Mission to Planet Earth (MTPE) is a program to support the collection and distribution of reliable Earth and environmental science data to study global change. Beginning in 1997, a series of Earth science remote sensing satellites, known as the Earth Observing System (EOS), will be launched as NASA's centerpiece in support of the MTPE. The EOS Data and Information System (EOSDIS) will process the large amount of data generated by the sensors from these satellites. EOSDIS is a distributed system currently being developed by NASA, which will receive, compile, process, and distribute the massive amount of data collected by the EOS instruments and related Earth science programs. EOSDIS will be one of the largest data systems in the world and will pose technological challenges in the areas of data processing, access, and distribution. This system will need to accommodate a very large and diverse user community. Software tools like Mosaic and WWW servers can play a major role in providing additional access to information and allowing researchers to share science data during the EOS era.
An operational prototype of EOSDIS called Version 0 (V0) was built using existing Earth science data at 9 Distributed Active Archive Centers (DAACs). This system, built by NASA and the DAACs, is currently operational and is accessible to users. Some components of EOSDIS V0 system use Mosaic to provide access to information describing data sets. The section in this paper titled "EOS Home Pages" provides sources of information to more completely describe MTPE, EOS, and related projects. Additionally, a variety of documents completely describes the requirements and architecture of EOSDIS, the location and host institutions for the DAACs, and methods for accessing the current V0.

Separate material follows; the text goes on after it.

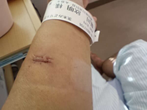 担当医と退院後の治療について面談した後で、「京都桂病院」で縫った傷の抜糸をしてもらいました。これで左手はすっきりです。

The Hierarchical Data Format (HDF) is a data format developed at NCSA to support the transport of scientific data between computing platforms. HDF was adopted as the standard data format for data distribution for the V0 system in 1991. Since then, a large number of Earth science data sets representing different data structures have been implemented in HDF and distributed to the users. Initially these data sets were distributed on CD-ROMs, tapes and on-line with various software tools.
Recently, an interface with HDF and Mosaic was developed with links to NCSA's Collage application. As a result, many of these data sets are available to a larger number of users on-line. The V0 Information Management System (IMS) Guide subsystem also uses the Mosaic library to provide links to the DAACs.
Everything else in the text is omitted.